In a 1989 study, sociologist Daniel Chambliss decided to find out. He chose to interview those in Olympics Sports, specifically swimming.

Why?

Because unlike in other areas, in competitive swimming, you always know the ranking, the speed, the time — all the statistics you need to tease out what makes performance good.

After interviewing around 120 world class swimmers and coaches, he found three things that differentiated those who excelled from the rest.

 

Lesson 1: It’s not how much you do but how you do it.

Ever wonder why many of us drive everyday but we can’t compete with F1 racers when it comes to driving?

Because high level performance is training in a qualitatively different manner.

Chambliss found that poor swimmers swim have poor techniques and they only improve when their training allows them to pick up that new technique.
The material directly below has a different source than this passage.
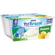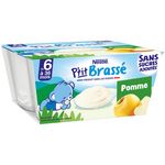 PTIT BRASSE Pomme Sans Sucres Ajoutés* avec 4 fois plus de fruits**. Un laitage conçu exprès pour bébé*** et produit à Arches dans les Vosges avec du lait français. Pratique, il s'emporte partout grâce à notre procédé de fabrication spécifique qui permet une conservation hors du frigo. *Contient des sucres naturellement présents. **Par rapport à la moyenne des P'tit Brassé aux fruits sucrés ***Conformément à la réglementation des aliments pour bébés. Pomme origine UE.

He also noted parallels in other fields like academia: Writing a single article for a high-ranking journal is qualitatively different from writing many articles for minor journals.

It’s not the number of hours you put in. It’s the kind of skills you train for.

 

Lesson 2: Talent does not lead to success.

Chambliss also found that talent is not a useful term for determining who will do well in the future.

Many of us tend to attribute it to some kind of “talent” when we observe exceptional performance.

But swimmers are often labelled as “talented” only after they have started to perform well, not before.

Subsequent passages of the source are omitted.